Dataset records:
******
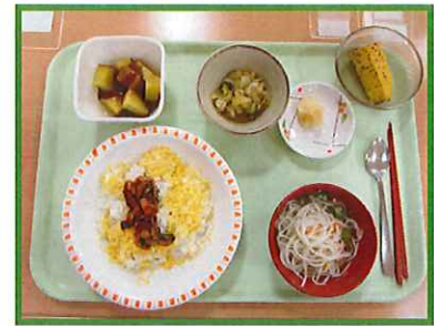
～ちらし寿司、七夕汁～
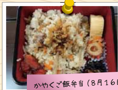
かやくご飯弁当 (8月16日)
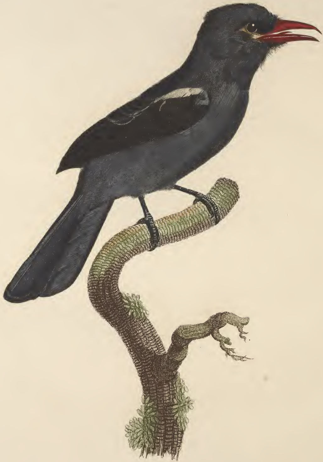
Le Barbacou à bec rouge, mâle. n.º 44.
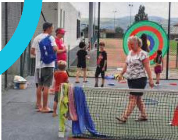
Le Forum des associations
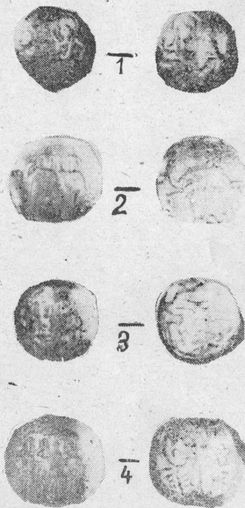
Fig. 1. Monede emisiuni ale Imperiului bizantin de la Niceea de Ioan al III-lea Ducas Vatatzes (1222—1254).
******
* Problem details
Copy out all the data exactly; skip the pictures.

* Result of this task
～ちらし寿司、七夕汁～
かやくご飯弁当 (8月16日)
Le Barbacou à bec rouge, mâle. n.º 44.
Le Forum des associations
Fig. 1. Monede emisiuni ale Imperiului bizantin de la Niceea de Ioan al III-lea Ducas Vatatzes (1222—1254).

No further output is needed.